A chegada da tapeçaria é uma O tão esperado retorno público para um registro visual vívido da invasão normanda de 1066, a última conquista bem-sucedida da Inglaterra.

Embora suas origens exatas estejam envoltas em mistério, acredita-se que a tapeçaria que representa a Batalha de Hastings e o início da invasão do exército normando de Guilherme, o Conquistador, tenha sido feita na Inglaterra antes de ser transferida para Bayeux.

É a primeira vez desde então que se acredita que a frágil tapeçaria bordada de 224 pés deixou a França, e a primeira vez que foi transportada em mais de 40 anos.

Uma seção da Tapeçaria de Bayeux. A relíquia histórica retornará ao solo inglês pela primeira vez em quase 1.000 anos em setembro

Uma seção da Tapeçaria de Bayeux. A relíquia histórica retornará ao solo inglês pela primeira vez em quase 1.000 anos em setembro

Trabalhadores e voluntários franceses se preparam para embalar a Tapeçaria de Bayeux em caixas para transferi-la ao Museu Britânico.

Trabalhadores e voluntários franceses se preparam para embalar a Tapeçaria de Bayeux em caixas para transferi-la ao Museu Britânico.

Cerca de 100 mil ingressos já foram vendidos ao público nos primeiros quatro meses de exposição no Museu Britânico, com alguns comparando isso a tentar conseguir ingressos para Glastonbury.

A data e os detalhes da mudança foram mantidos em segredo até a partida da Tapeçaria, que foi liderada por uma escolta policial enquanto atravessava Londres nas altas horas da noite.

O presidente francês, Emmanuel Macron, que anunciou o empréstimo histórico no ano passado, saudou a medida como uma celebração das relações franco-britânicas.

Escrevendo no The Times, Macron disse que o empréstimo era “uma expressão tangível de uma amizade de longa data e um sinal do nosso desejo comum de que a França e o Reino Unido construam o seu futuro juntos”.

Ele disse que as duas nações reconhecem o que as separa, mas “a sua afinidade natural e o que podem alcançar quando unem forças”.

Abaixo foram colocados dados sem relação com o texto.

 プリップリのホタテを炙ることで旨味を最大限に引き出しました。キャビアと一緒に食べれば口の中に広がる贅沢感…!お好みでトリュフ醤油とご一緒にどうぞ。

Em troca da Tapeçaria de Bayeux, o Museu Britânico emprestará tesouros do tesouro de Sutton Hoo – artefatos de enterros de navios anglo-saxões do século VII – e outros itens para museus na Normandia.

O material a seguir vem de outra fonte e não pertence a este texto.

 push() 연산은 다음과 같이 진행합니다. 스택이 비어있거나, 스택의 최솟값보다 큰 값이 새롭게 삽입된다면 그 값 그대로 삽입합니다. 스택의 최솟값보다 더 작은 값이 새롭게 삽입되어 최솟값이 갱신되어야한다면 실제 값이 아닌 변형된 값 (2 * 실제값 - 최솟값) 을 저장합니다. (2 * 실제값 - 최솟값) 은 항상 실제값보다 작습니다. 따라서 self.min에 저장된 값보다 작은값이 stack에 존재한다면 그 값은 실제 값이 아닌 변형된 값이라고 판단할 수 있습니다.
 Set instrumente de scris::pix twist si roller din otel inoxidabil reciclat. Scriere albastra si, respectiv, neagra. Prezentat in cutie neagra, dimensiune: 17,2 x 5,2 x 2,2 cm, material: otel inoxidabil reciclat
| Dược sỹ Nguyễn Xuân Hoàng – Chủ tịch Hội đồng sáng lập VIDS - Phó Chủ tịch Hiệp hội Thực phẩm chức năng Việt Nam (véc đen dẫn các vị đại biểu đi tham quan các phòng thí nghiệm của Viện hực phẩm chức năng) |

A Secretária da Cultura, Lisa Nandy, disse: “Não se engane – este é um momento histórico e um notável ato de amizade ao recebermos esta icônica tapeçaria histórica na Grã-Bretanha pela primeira vez em quase 1.000 anos.

«Esta exposição é uma oportunidade única para aprender sobre este período importante da nossa história nacional e sobre a herança e a amizade que partilhamos com a França, que perdura até aos dias de hoje. Tenho o prazer de dar as boas-vindas a esta tapeçaria nas costas britânicas.’

A transferência – financiada pela Grã-Bretanha – é o resultado de mais de um ano de planejamento e pesquisa técnica, incluindo duas viagens de teste incluindo reproduções em escala real de tapeçarias de linho semelhantes a rendas.

Em setembro passado, os conservadores concluíram uma operação complexa para transferir a tapeçaria de um museu no noroeste da Normandia para um local de armazenamento secreto.

Os planos de emprestá-lo a Londres já haviam sido considerados duas vezes: em 1953, para a coroação da Rainha Elizabeth II, e em 1966, para o 900º aniversário da Batalha de Hastings.